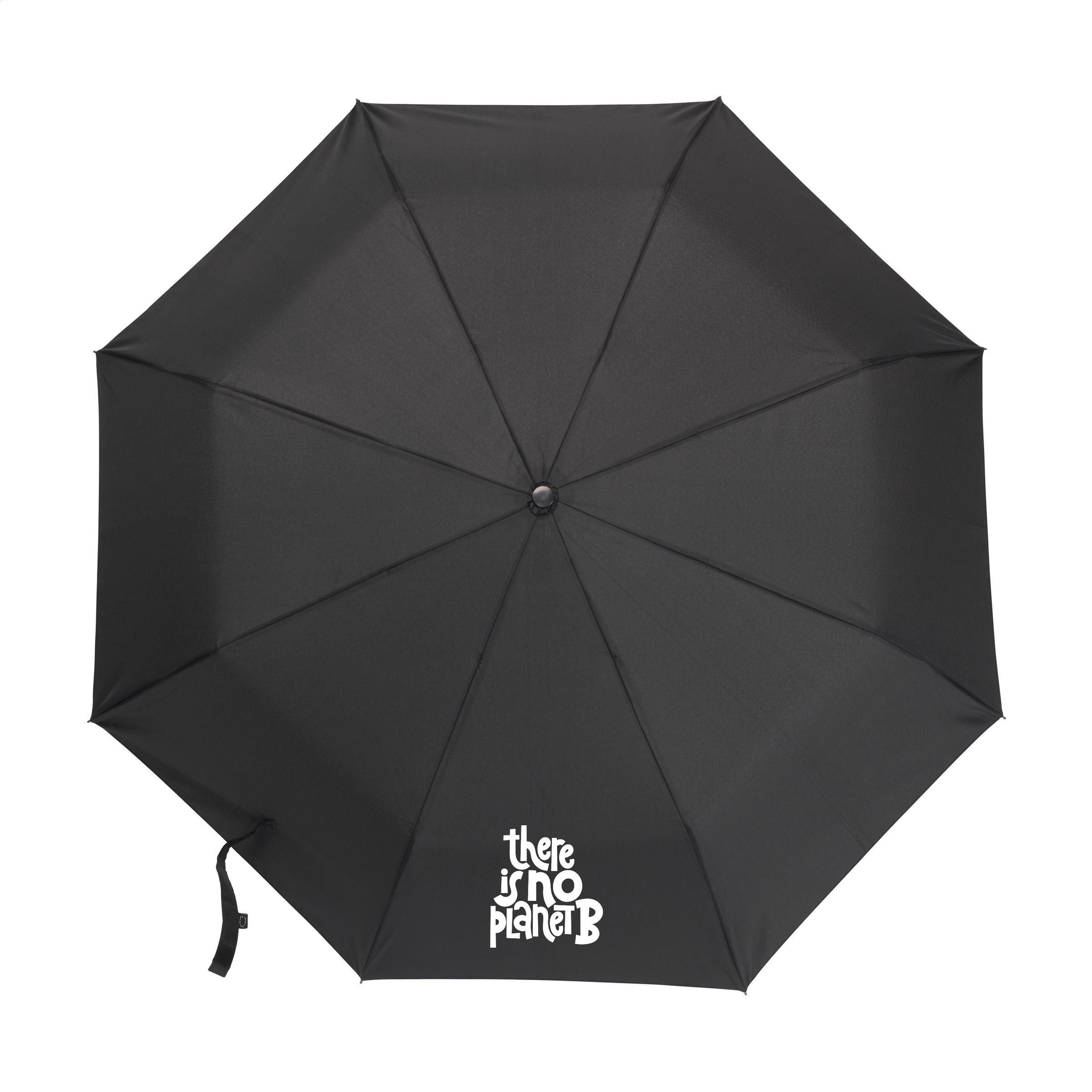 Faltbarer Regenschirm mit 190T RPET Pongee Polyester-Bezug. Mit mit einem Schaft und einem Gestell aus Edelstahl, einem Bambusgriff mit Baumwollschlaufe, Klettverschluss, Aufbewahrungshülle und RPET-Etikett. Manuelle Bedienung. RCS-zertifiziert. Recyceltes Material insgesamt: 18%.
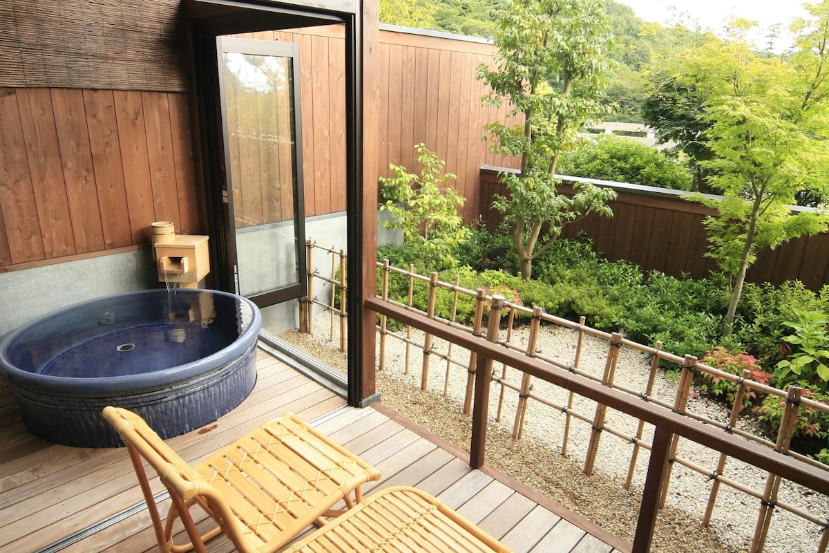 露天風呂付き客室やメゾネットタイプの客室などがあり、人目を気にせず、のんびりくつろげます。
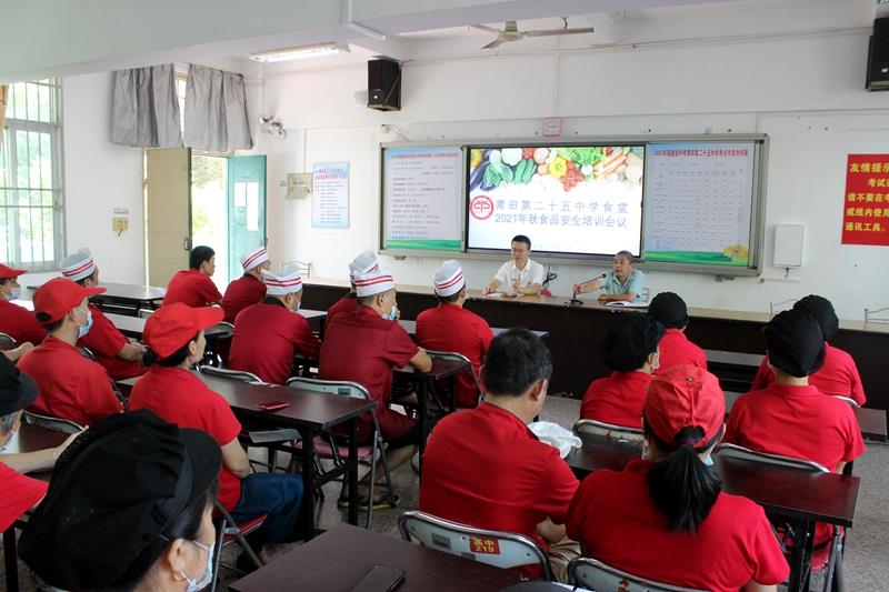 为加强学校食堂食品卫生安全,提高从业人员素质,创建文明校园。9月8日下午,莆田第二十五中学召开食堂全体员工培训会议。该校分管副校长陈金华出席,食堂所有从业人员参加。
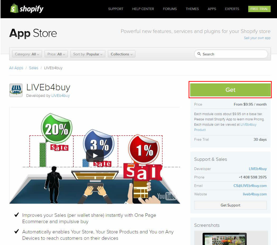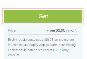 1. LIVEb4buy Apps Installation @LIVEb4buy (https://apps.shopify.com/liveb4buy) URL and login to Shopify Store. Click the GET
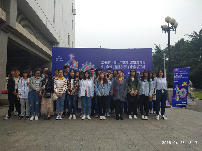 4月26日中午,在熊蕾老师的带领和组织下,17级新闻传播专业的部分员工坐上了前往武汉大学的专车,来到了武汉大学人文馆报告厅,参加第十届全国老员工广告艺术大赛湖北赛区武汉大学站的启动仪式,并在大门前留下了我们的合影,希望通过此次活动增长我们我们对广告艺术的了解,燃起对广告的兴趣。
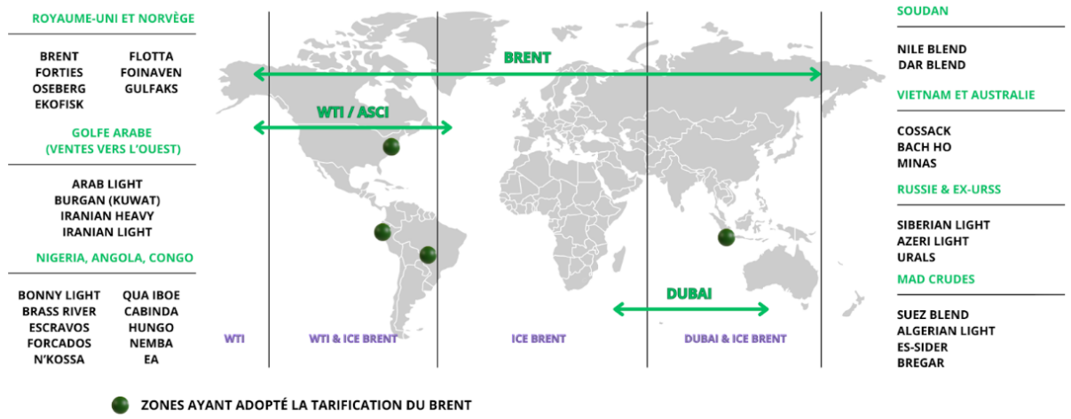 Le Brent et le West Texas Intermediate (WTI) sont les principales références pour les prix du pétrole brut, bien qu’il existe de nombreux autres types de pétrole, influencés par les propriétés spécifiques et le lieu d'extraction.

================

Task requirements => When you transcribe the lines above, keep every word exact but leave the pictures behind.

Solved problem =>
 Faltbarer Regenschirm mit 190T RPET Pongee Polyester-Bezug. Mit mit einem Schaft und einem Gestell aus Edelstahl, einem Bambusgriff mit Baumwollschlaufe, Klettverschluss, Aufbewahrungshülle und RPET-Etikett. Manuelle Bedienung. RCS-zertifiziert. Recyceltes Material insgesamt: 18%.
 露天風呂付き客室やメゾネットタイプの客室などがあり、人目を気にせず、のんびりくつろげます。
 为加强学校食堂食品卫生安全,提高从业人员素质,创建文明校园。9月8日下午,莆田第二十五中学召开食堂全体员工培训会议。该校分管副校长陈金华出席,食堂所有从业人员参加。
 1. LIVEb4buy Apps Installation @LIVEb4buy (https://apps.shopify.com/liveb4buy) URL and login to Shopify Store. Click the GET
 4月26日中午,在熊蕾老师的带领和组织下,17级新闻传播专业的部分员工坐上了前往武汉大学的专车,来到了武汉大学人文馆报告厅,参加第十届全国老员工广告艺术大赛湖北赛区武汉大学站的启动仪式,并在大门前留下了我们的合影,希望通过此次活动增长我们我们对广告艺术的了解,燃起对广告的兴趣。
 Le Brent et le West Texas Intermediate (WTI) sont les principales références pour les prix du pétrole brut, bien qu’il existe de nombreux autres types de pétrole, influencés par les propriétés spécifiques et le lieu d'extraction.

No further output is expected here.